The choice of window length involves a trade-off:
- Shorter window (7 days): Very current, but only a handful of polls; high remaining noise
- Medium window (30 days): Good balance of currency and noise reduction
- Longer window (90 days): Very smooth, but can lag genuine opinion shifts by weeks
Visualising aggregation: smoothing over noise
How BritPolls builds its tracker
Our Voting Intention Tracker uses a 30-day rolling window. Each poll is weighted by sample size, and more recent polls receive higher weight using a 14-day half-life decay function (weight falls to 50% at 14 days old, 25% at 28 days old).

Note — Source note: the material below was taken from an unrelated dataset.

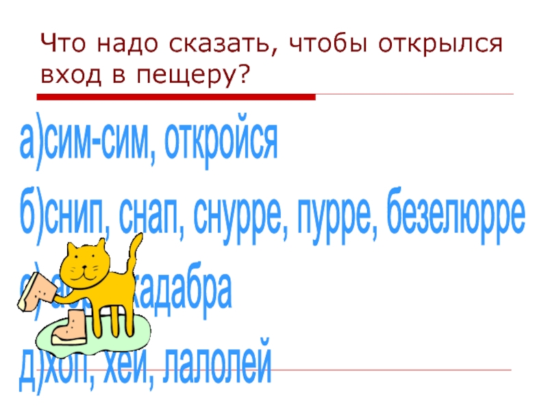 Что надо сказать, чтобы открылся вход в пещеру?а)сим-сим, откройся  б)снип, снап, снурре, пурре, безелюрре  с)
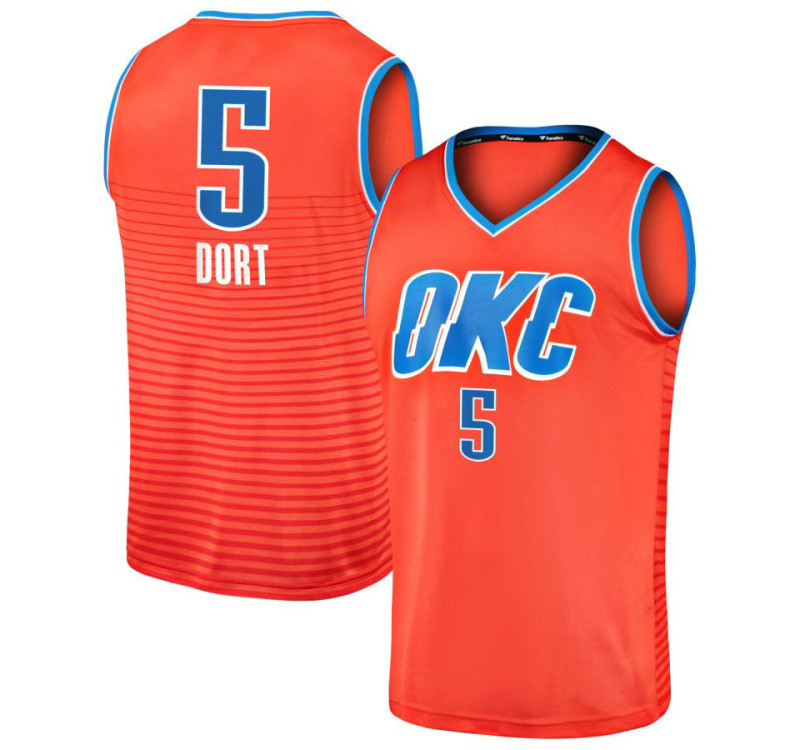 - Youth Thunder #5 Luguentz Dort Fast Break Orange Statement Edition Replica Jersey

We do not apply house effect corrections in the main tracker, but our pollster profiles document estimated house effects for each firm based on their recent history. Where a single pollster dominates a period’s data, we note this in the tracker.

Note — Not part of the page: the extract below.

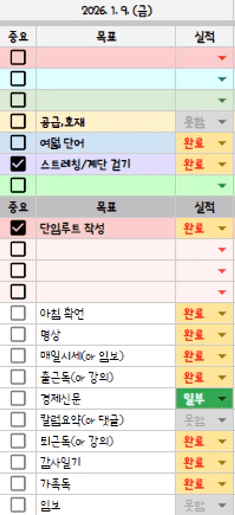 20270109 감사일기아침식사와 건강 챙겨주는 와이프 감사합니다.본질에 대한 생각 감사헙니다.(읽는 책의 본질!, 임장지의 본질!, 나의 본질!)업무 중간 임장 준비시간 감사합니다.가족과 함께하는 독모시간 감사합니다.

We include all polls that:
- Are conducted by a BPC-member or BPC-affiliated pollster
- Have publicly available data tables
- Have a sample of at least 500 respondents
- Use GB or UK adults/registered voters as their population
Limitations of polling aggregation
Aggregation reduces random error but cannot eliminate systematic error. If all polling firms share the same methodological flaw — as they did in 2015 — the average will be wrong even with 20 polls. This is why the opinion polls explainer on methodology matters as much as aggregation technique.
Aggregators should always publish their uncertainty ranges, not just point estimates. A figure of Labour 35%, Conservatives 24%, Reform 27% should come with confidence intervals showing the range of likely true values.

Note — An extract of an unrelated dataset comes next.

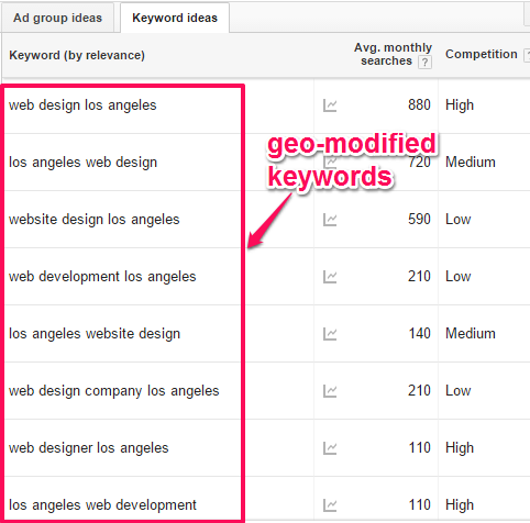 Palabras clave geo-modificada vs palabras clave geofocalizadas: La mayoría de los SEO piensan que estos dos términos significan lo mismo. Pero eso no es del todo correcto. Geo-modificar una palabra clave simplemente significa que vas a añadir calificativos tales como la ciudad, el estado, el país o el nombre de tu palabra clave principal. Algunos ejemplos de frases de búsqueda geo-modificadas son:
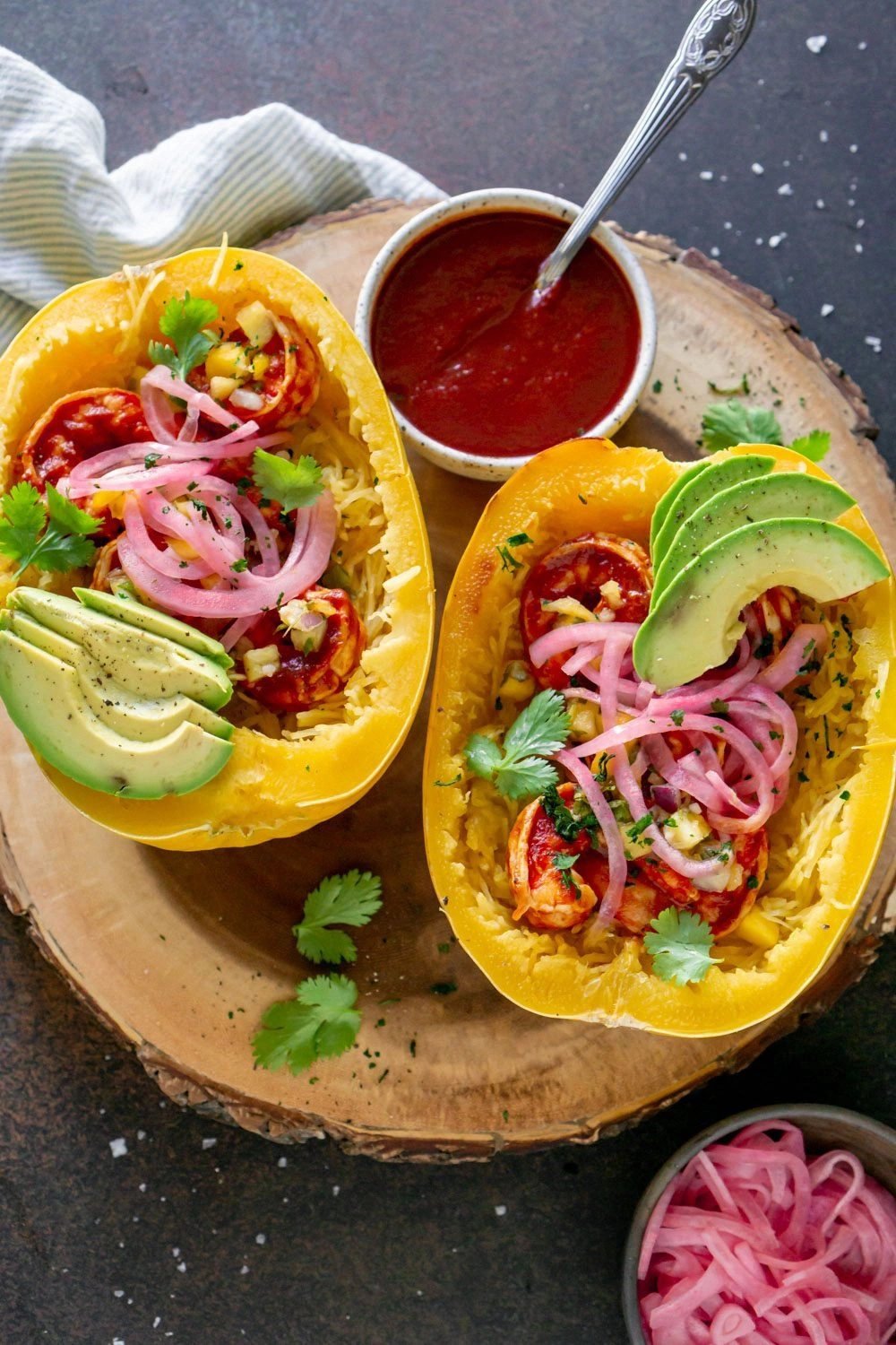 - Texture Play: The spaghetti squash is roasted to a perfect crisp on the edges and silky inside, giving a satisfying bite that contrasts with the firm shrimp and crunchy pickled onions.

Frequently Asked Questions
What is a poll of polls?
A poll of polls combines multiple individual polls into a single average. Random sampling errors cancel out across polls, giving a more reliable estimate than any single survey.
Why is a polling average better than a single poll?
Individual polls have margins of error of around plus or minus 3 points. Averaging ten independent polls can reduce this to around plus or minus 1 point. The average is also less affected by any one rogue result.
What is recency weighting in polling aggregation?
Recency weighting gives more weight to recent polls, since older data is less informative about current opinion. Exponential decay is a common approach, where weight halves every fixed number of days.
How are house effects handled in polling aggregation?
Either by ignoring them (and relying on averaging to partially cancel them out) or by estimating each firm’s systematic bias and correcting for it before averaging. Both approaches have trade-offs.
How does BritPolls calculate its tracker?
We use a 30-day rolling window with sample-size weighting and a 14-day half-life recency decay. We include BPC-affiliated polls of 500+ respondents with public data tables. House effects are documented in pollster profiles but not corrected in the main tracker.
What is herding in polling and how does aggregation help detect it?
Herding occurs when polling firms converge on each other’s results, consciously or unconsciously fearing a rogue outlier. It makes collective errors invisible: if all firms herd to the same wrong number, the polling average gives false confidence. Aggregation detects herding by testing whether the variance between polls is statistically lower than expected. The 2015 UK polling failure — all firms showing a Conservative-Labour tie that was wrong by 7 points — is the clearest modern example.